Come le favole, le leggende, i racconti evocano qualcosa di fatato v'è un che di immaginario per noi in quest'America che pur esiste, che pure è, ma che tuttavia ci siamo immaginata anche da noi, a nostro modo, e diversa dal vero (o più vera di essa); quest'America U.S.A., vicina e lontana, dalla quale quelli che ci sono stati portano messaggi e notizie disparate, chi per il si chi per il no, quest'America U.S .A. dove ci si ritrova tutti insieme noi europei, e dove pure la cosa è tutta diversa. Mai la storia del mondo è stata tanto ipotetica. Cosa è l'Inghilterra adesso? Cosa la Francia? Cosa la Russia? Cosa la Cina e le nazioni delle Indie e quelle dell'Arabia? Cosa il Giappone? Cosa è l'Africa bianca e nera? Cosa è l'America?
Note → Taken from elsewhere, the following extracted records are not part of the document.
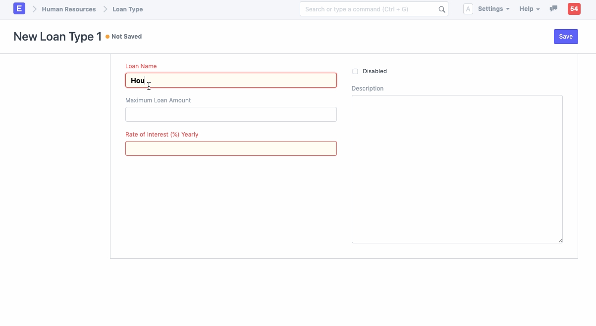The Loan Management System in ERPNext Involves several steps to follow: 1. For this, first you need to create the loan type where you need to fill the mandatory fields i.e. Loan Name, Rate of interest (%) Yearly. Here you can also define the Maximum Loan Amount and description if any.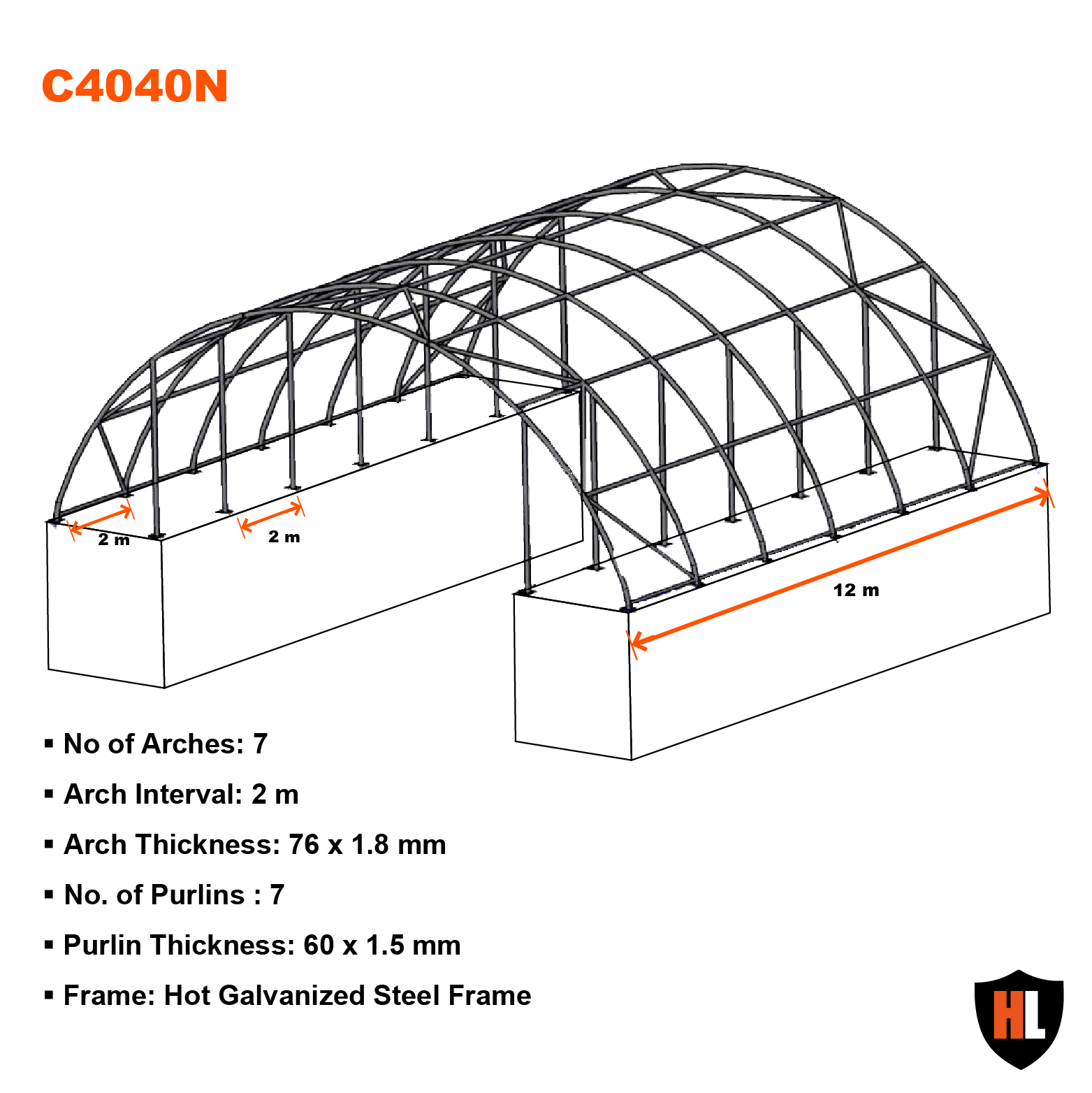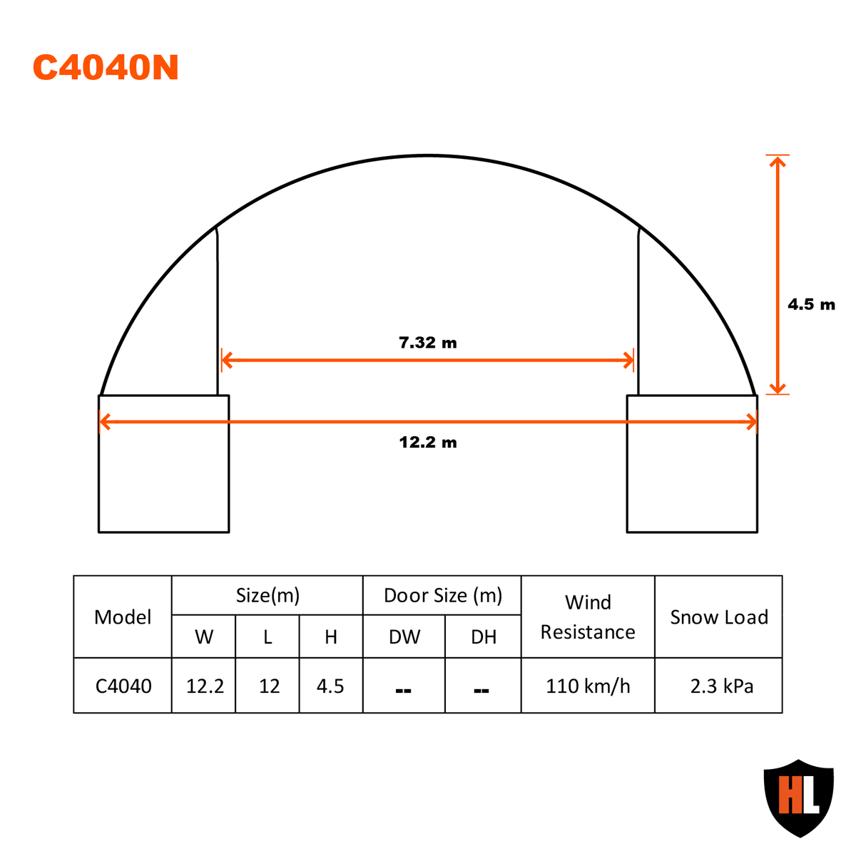 The Hardlife C4040N Container Shelters are extra-large, extra-sturdy, affordable, durable, and versatile storage solutions that are designed to maximise space and protect goods, vehicles, and machines in inclement weather. The Hardlife range of container shelters features a sturdy, hot-galvanised steel frame made of Q215 steel tubes and heavy-duty PVC fabric.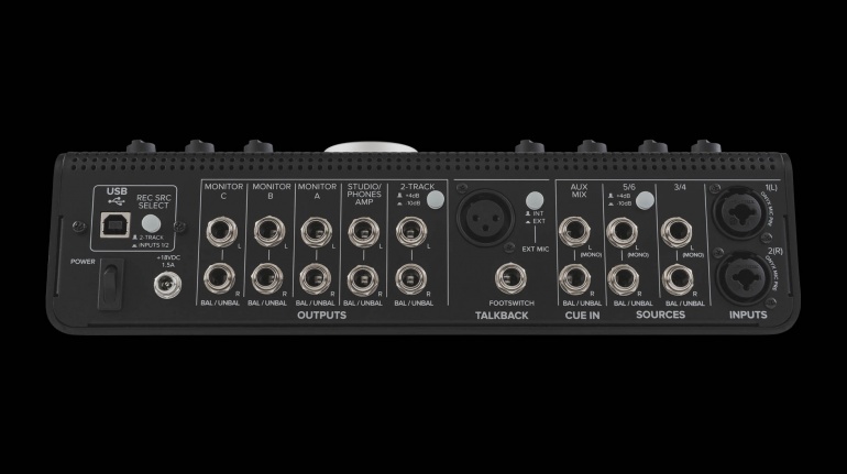 La versión Studio, ya activa, leva la cuenta con 3 pares de entradas y 2 de salidas y existe un ajuste ‘trim’ individual por cada entrada y salida para equilibrar niveles de referencia. Además añade interfaz audio USB 2x2 (entrada y salida estéreo) que llegan a los 24 bit y 96kHz, y cuenta con dos preamplificadores Onyx con alimentación phantom y una entrada minijack estéreo al estilo de la conexión de los móviles. Pensado para permitir su posible uso como interfaz de grabación cuenta con funciones de mezcla/monitorización sin latencia dentro del propio interfaz para poder entregar una escucha combinada de varias fuentes adicionales a la que esté siendo registrada. Cuenta con dos salidas para auriculares con volúmenes independientes y un micro ‘talkback’ incorporado, y aporta vúmetro led con unos generosos 16 segmentos para visualizar el nivel de la entrada.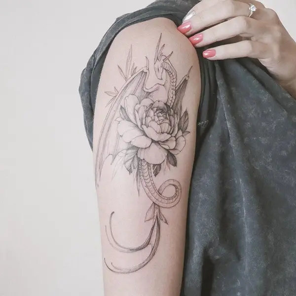 A dragon with a rose tattoo indicates fiery passion. Rose adds a sense of love and passion to the dragons who are known to be intensively powerful and strong.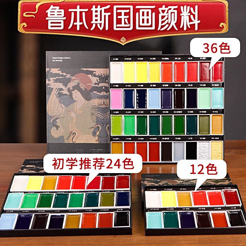 固体ルーベンス国画絵の具12色24色初心者セット用具セット中国画水墨画水彩画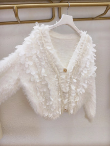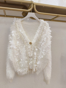 均码-295款仿水貂绒串珠鱼鳞短开衫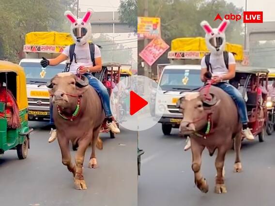 Man Sitting on Buffalo Viral Video: देश में पेट्रोल के दामों में अक्सर उतार चढ़ाव देखने को मिलता है. बढ़ती महंगाई की वजह से पेट्रोल-डीजल खरीदने में लोगों की जेब भी ढीली हो रही है. ऐसे में एक शख्स ने एक ऐसा तरीका निकाला, जिसकी सोशल मीडिया पर इन दिनों खूब चर्चा है. सोशल मीडिया पर इन दिनों एक वीडियो तेजी से वायरल हो रहा है. इस वीडियो में एक शख्स सड़क पर भैंस लेकर सवारी करते नजर आ रहा है. वीडियो में शख्स ने खरगोश के आकार का एक हेलमेट भी पहना है. सोशल मीडिया पर इस वीडियो को खूब पसंद किया जा रहा है. वहीं, लोग इसपर जमकर अपना रिएक्शन भी दे रहे हैं.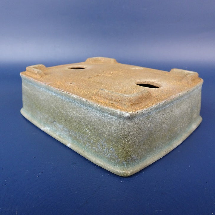 中古盆栽鉢 落款あり 小型 長辺 約12cm 長方鉢 外縁 下帯 釉薬 中古鉢 k1198413212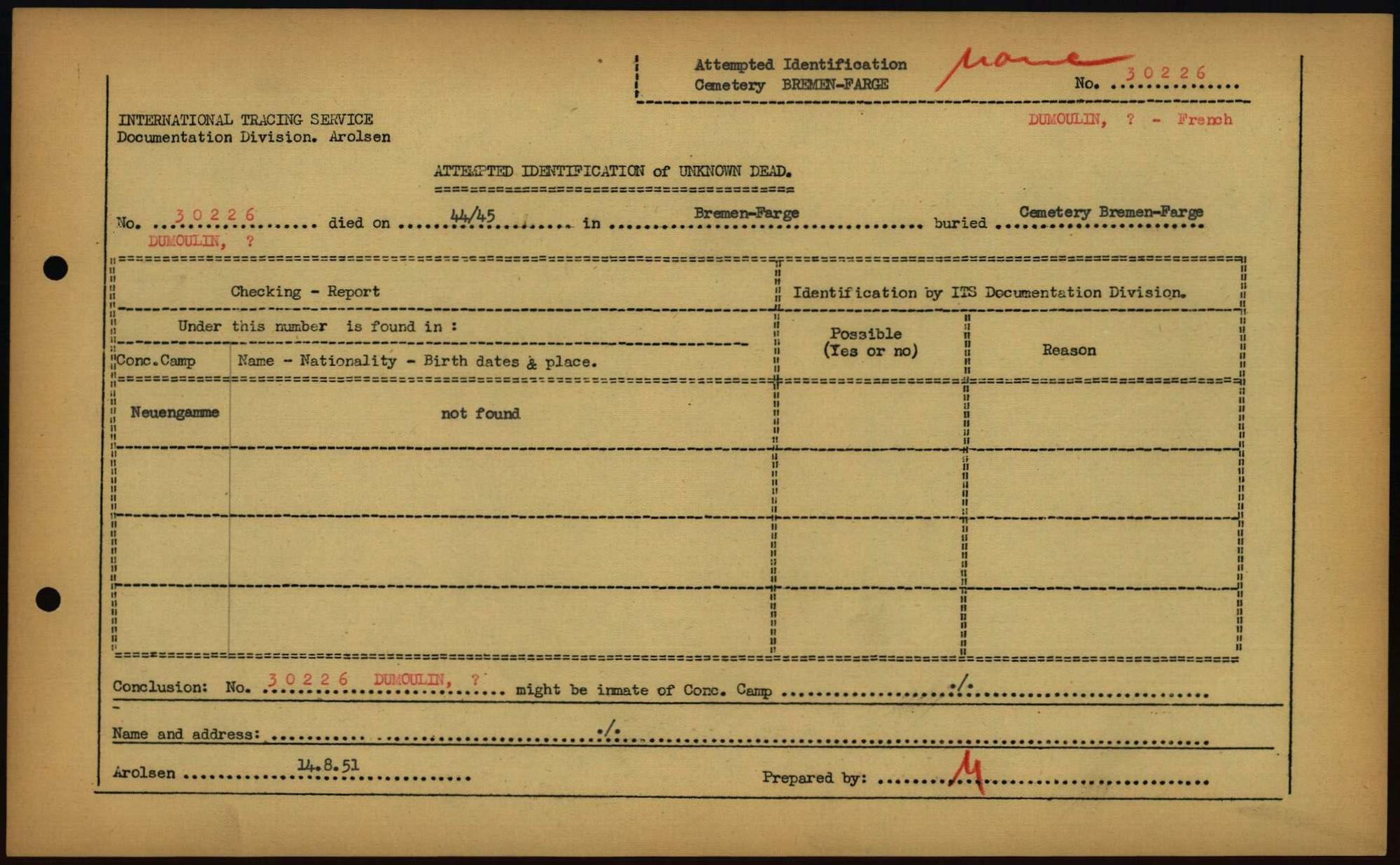 Einen Kommentar schreiben →Attempted Identification of Unknown Dead - Cemeteries: Ergebnisse der Identifizierung... 0106 (84613343)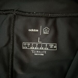 Chic black leggings with floral side panels. Features adidas stripe accents. Ideal for play and comfort. Excellent condition, women’s size LG, says adidas on the front.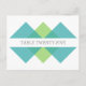 Modern and chic Geometric Triad Wedding Table Number Postcard featuring a stylish triangle design in turquoise and lime green. Easy to customise, this simple yet elegant design can be personalised by adding the appropriate table number(s) in the text field provided. Click "Customise It" to find more personalisation options.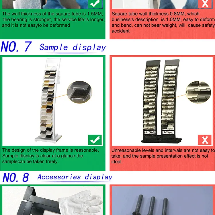 | Single package size: | 10X10X10 cm; | Keyword: | Quartz Stone Display Rack; |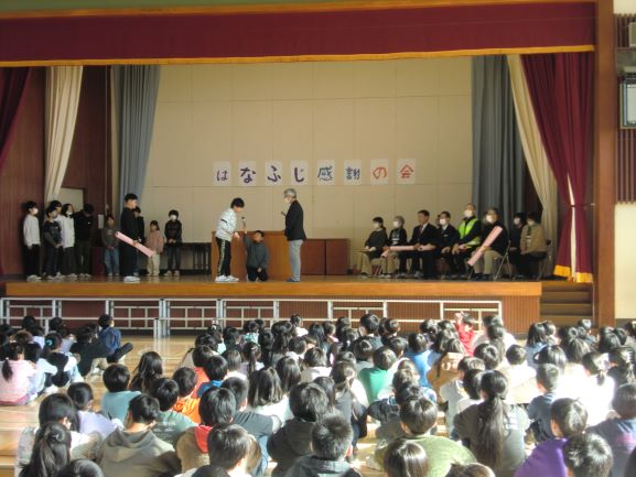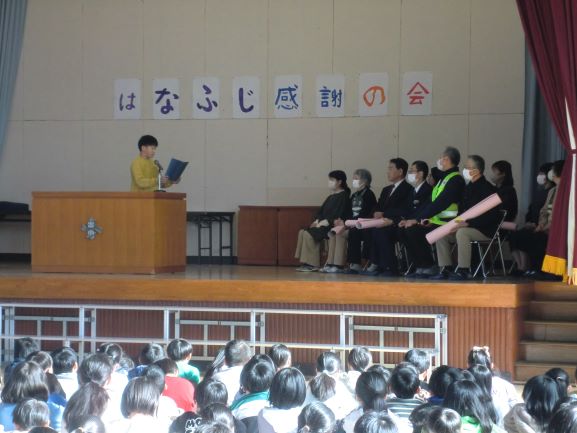 本校は、日頃より出羽地区の人的・環境的・伝統的な強みを活かした教育活動を展開しています。このことは、たいへんありがたいことです。本日は、以下の地域の皆様よりご来校いただき、「はなふじ感謝の会」を開催しました。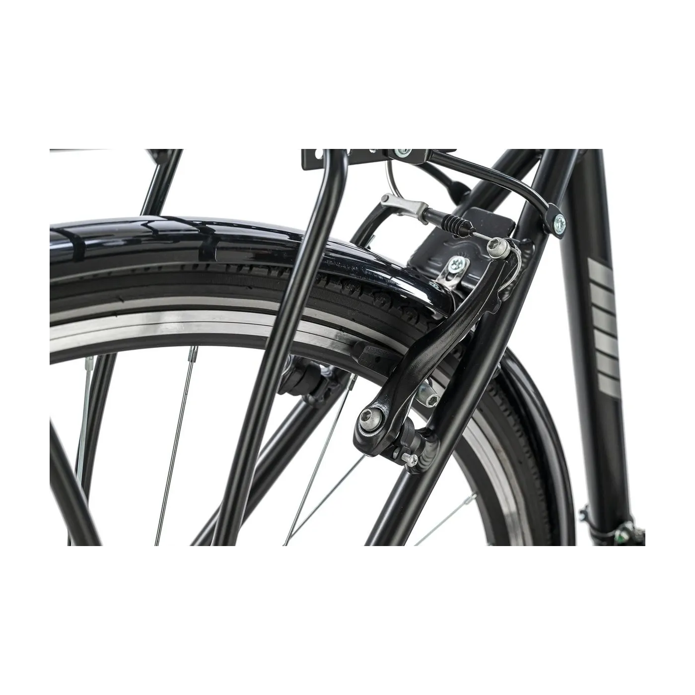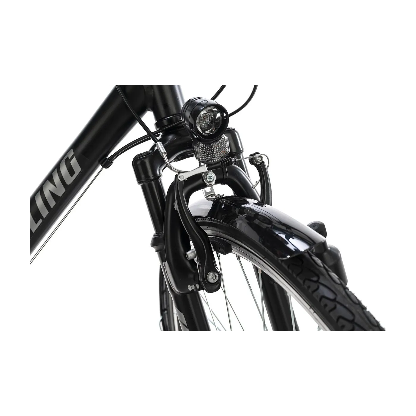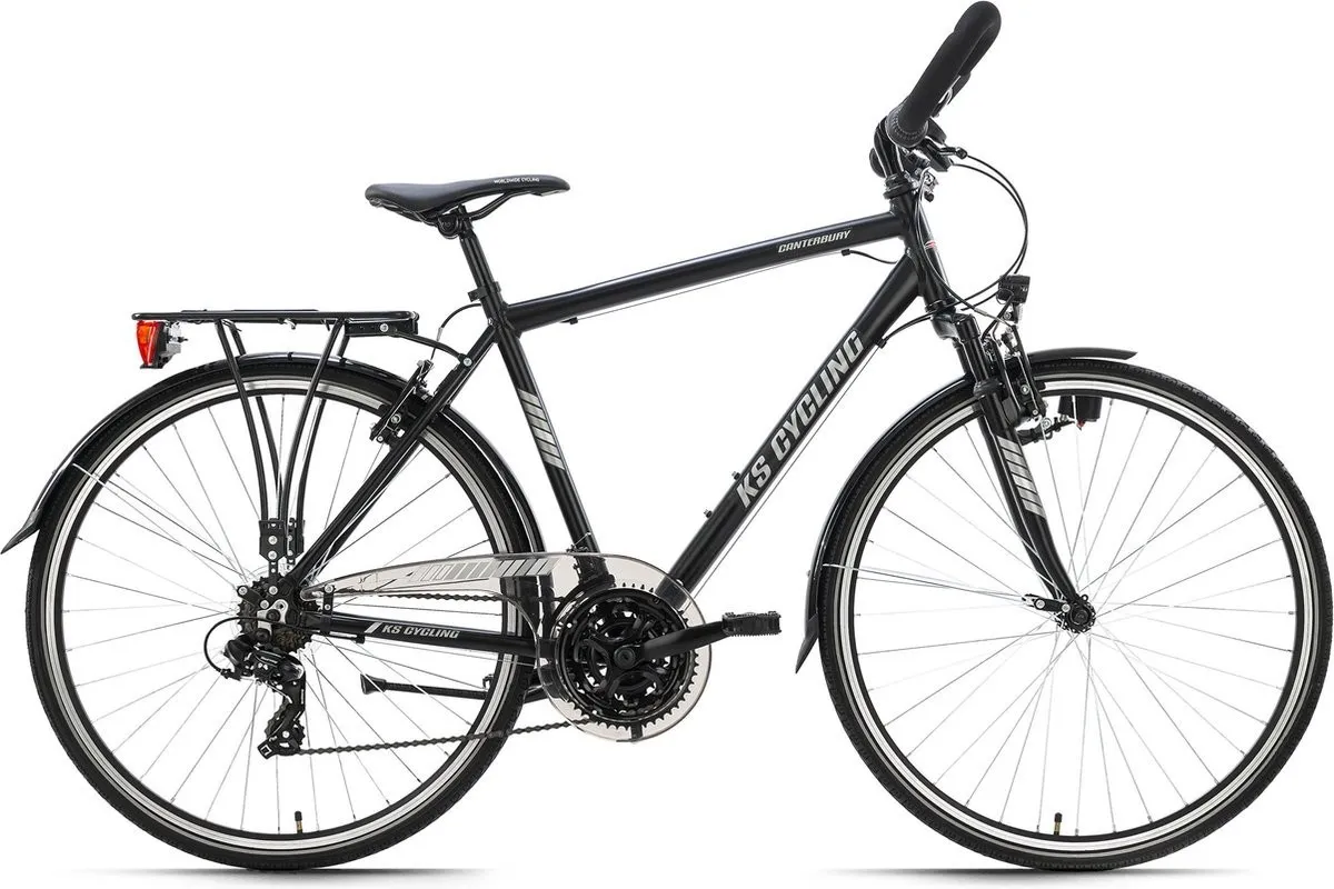 Elastyczny, sportowy towarzysz o wszechstronnych właściwościach: 28-calowy rower trekkingowy Canterbury firmy KS Cycling sprosta najróżniejszym wyzwaniom, od szybkiej jazdy po mieście, przez dłuższy trening aż po długie trasy! Czarna rama wykonana z aluminium połączona z delikatnymi szarymi detalami. Przezroczysta osłona łańcucha i wielopozycyjna kierownica dopełniają całości.

In queste pagine l'America "si narra" attraverso le ultime architetture, ultime avventure architettoniche, (si sarebbe tentati di parlare ancora e sempre di pionierismo – stilistico – negli edifici delle Nazioni Unite e della Lever Brothers Company – e geografico - nella scuola e nell'ospedale nel deserto).
Case alte, torri, grattacieli non occultano il cielo, ma lo captano e "lo tirano giù), ce lo portano giù, ce lo avvicinano; una città futura fatta così sarà celeste più che terrestre, e sulle superfici di argento si muoverà il cielo, si rispecchierà nel correr delle sue nuvole, e albe e tramonti si moltiplicheranno infinitamente. Questa architettura innamora: è di una ritrovata purezza e grandezza, come si vede nel paragone drammatico di quelle che le sono vicine, – di un a Nuova York vecchissima e decrepita – architetture umane o animali, come vespa, mentre questa (come i monumenti, come le piramidi, i circhi, le alte cupole, le torri) è figlia della mente, è minerale e geometrica.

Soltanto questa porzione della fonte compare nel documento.